SUPPLIED INFORMATION: Begin

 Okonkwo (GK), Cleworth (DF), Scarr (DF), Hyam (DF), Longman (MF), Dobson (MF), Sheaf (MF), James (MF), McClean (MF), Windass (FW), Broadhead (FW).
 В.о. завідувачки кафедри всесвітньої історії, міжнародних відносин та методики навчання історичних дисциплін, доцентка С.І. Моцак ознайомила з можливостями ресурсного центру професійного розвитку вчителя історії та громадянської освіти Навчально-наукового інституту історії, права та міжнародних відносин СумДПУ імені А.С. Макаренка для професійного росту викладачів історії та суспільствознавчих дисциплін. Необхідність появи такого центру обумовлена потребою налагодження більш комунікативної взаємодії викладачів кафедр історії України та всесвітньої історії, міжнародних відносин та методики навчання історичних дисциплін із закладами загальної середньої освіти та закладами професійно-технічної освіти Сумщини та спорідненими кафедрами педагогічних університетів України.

SUPPLIED INFORMATION: End
SUPPLIED INFORMATION: Begin

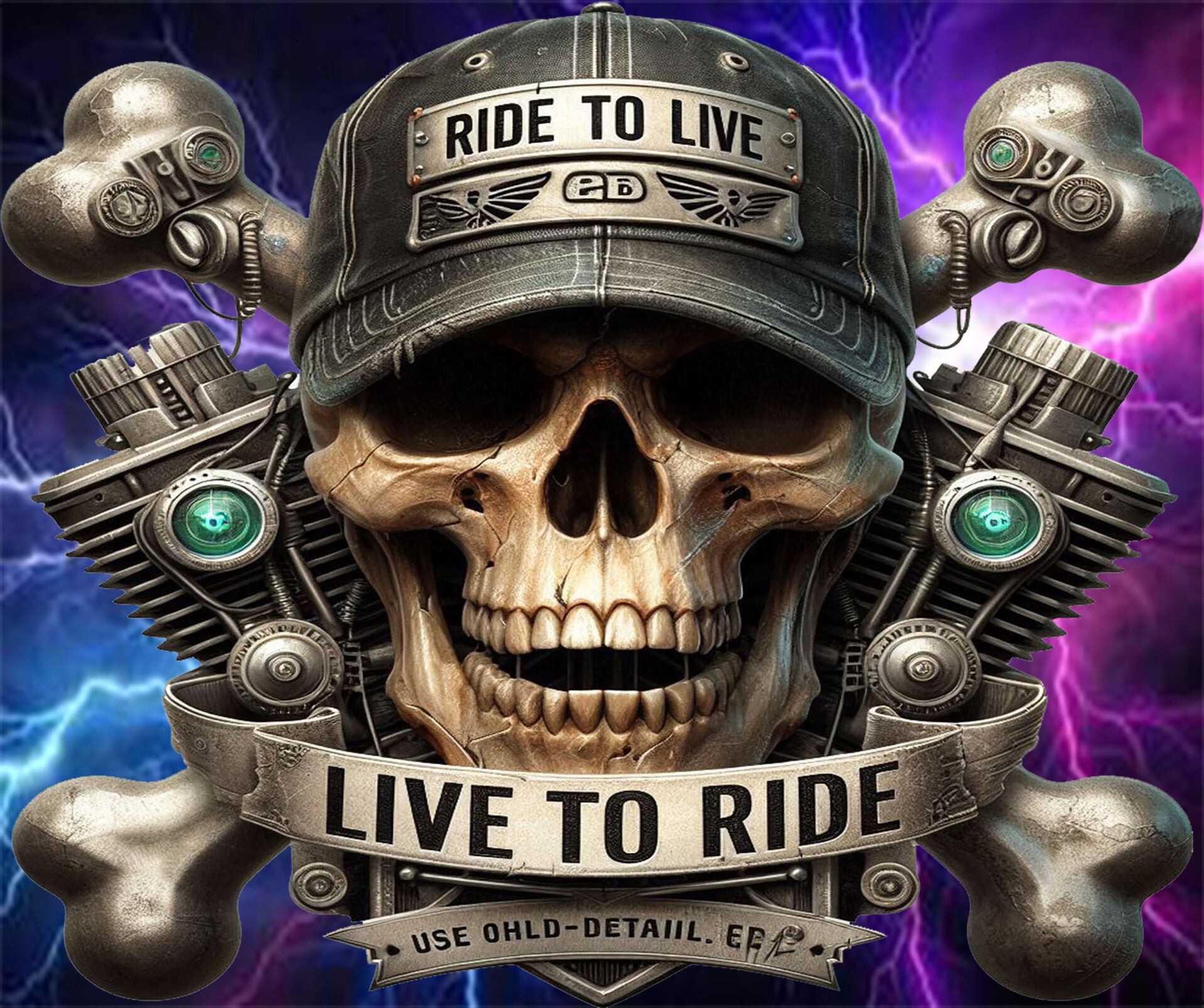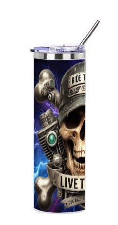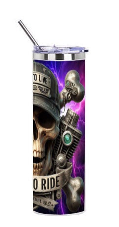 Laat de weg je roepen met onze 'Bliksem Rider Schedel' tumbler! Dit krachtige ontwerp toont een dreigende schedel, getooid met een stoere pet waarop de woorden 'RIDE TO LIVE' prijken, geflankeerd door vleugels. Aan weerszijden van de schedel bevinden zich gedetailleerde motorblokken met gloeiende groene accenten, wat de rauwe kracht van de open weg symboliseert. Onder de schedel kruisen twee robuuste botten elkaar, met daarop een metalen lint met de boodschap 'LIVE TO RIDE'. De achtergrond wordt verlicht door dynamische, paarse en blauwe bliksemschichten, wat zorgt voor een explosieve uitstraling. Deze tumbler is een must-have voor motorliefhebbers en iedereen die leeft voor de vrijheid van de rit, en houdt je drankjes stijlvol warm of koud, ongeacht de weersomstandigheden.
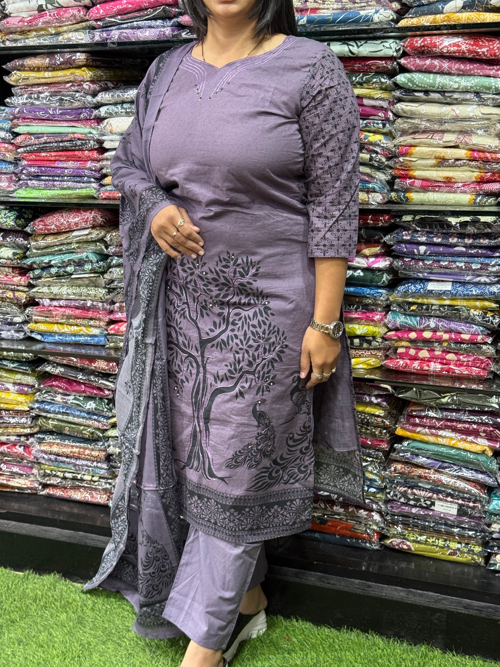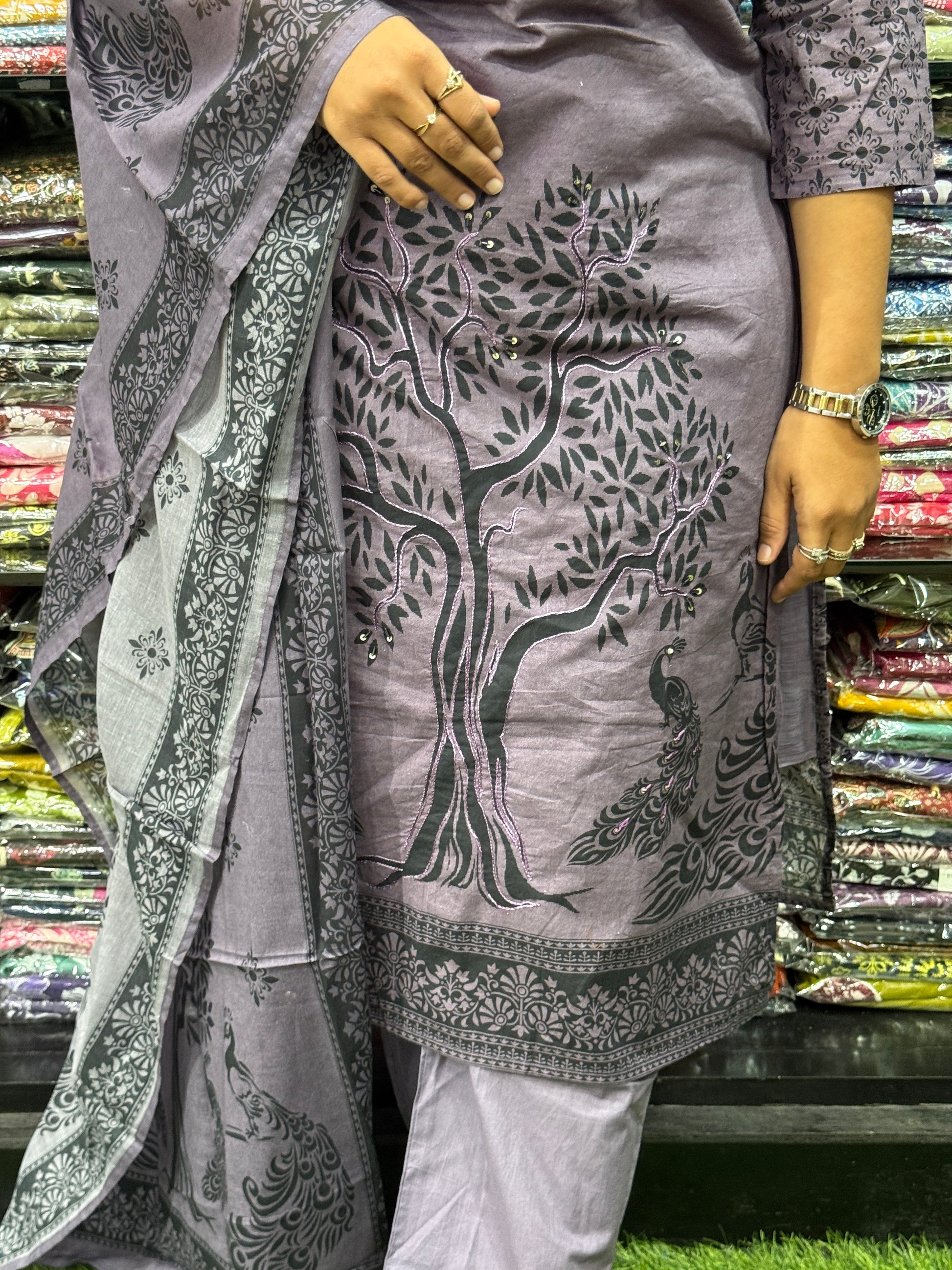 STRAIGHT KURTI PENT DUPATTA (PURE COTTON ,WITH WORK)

SUPPLIED INFORMATION: End

** WHAT YOU ARE ASKED TO DO **
Give back exactly the lines of the listing above that run from the line with "Okonkwo (GK), Cleworth" to the line with "В.о. завідувачки кафедри", inclusive.

** RESPONSE AREA **
 Okonkwo (GK), Cleworth (DF), Scarr (DF), Hyam (DF), Longman (MF), Dobson (MF), Sheaf (MF), James (MF), McClean (MF), Windass (FW), Broadhead (FW).
 В.о. завідувачки кафедри всесвітньої історії, міжнародних відносин та методики навчання історичних дисциплін, доцентка С.І. Моцак ознайомила з можливостями ресурсного центру професійного розвитку вчителя історії та громадянської освіти Навчально-наукового інституту історії, права та міжнародних відносин СумДПУ імені А.С. Макаренка для професійного росту викладачів історії та суспільствознавчих дисциплін. Необхідність появи такого центру обумовлена потребою налагодження більш комунікативної взаємодії викладачів кафедр історії України та всесвітньої історії, міжнародних відносин та методики навчання історичних дисциплін із закладами загальної середньої освіти та закладами професійно-технічної освіти Сумщини та спорідненими кафедрами педагогічних університетів України.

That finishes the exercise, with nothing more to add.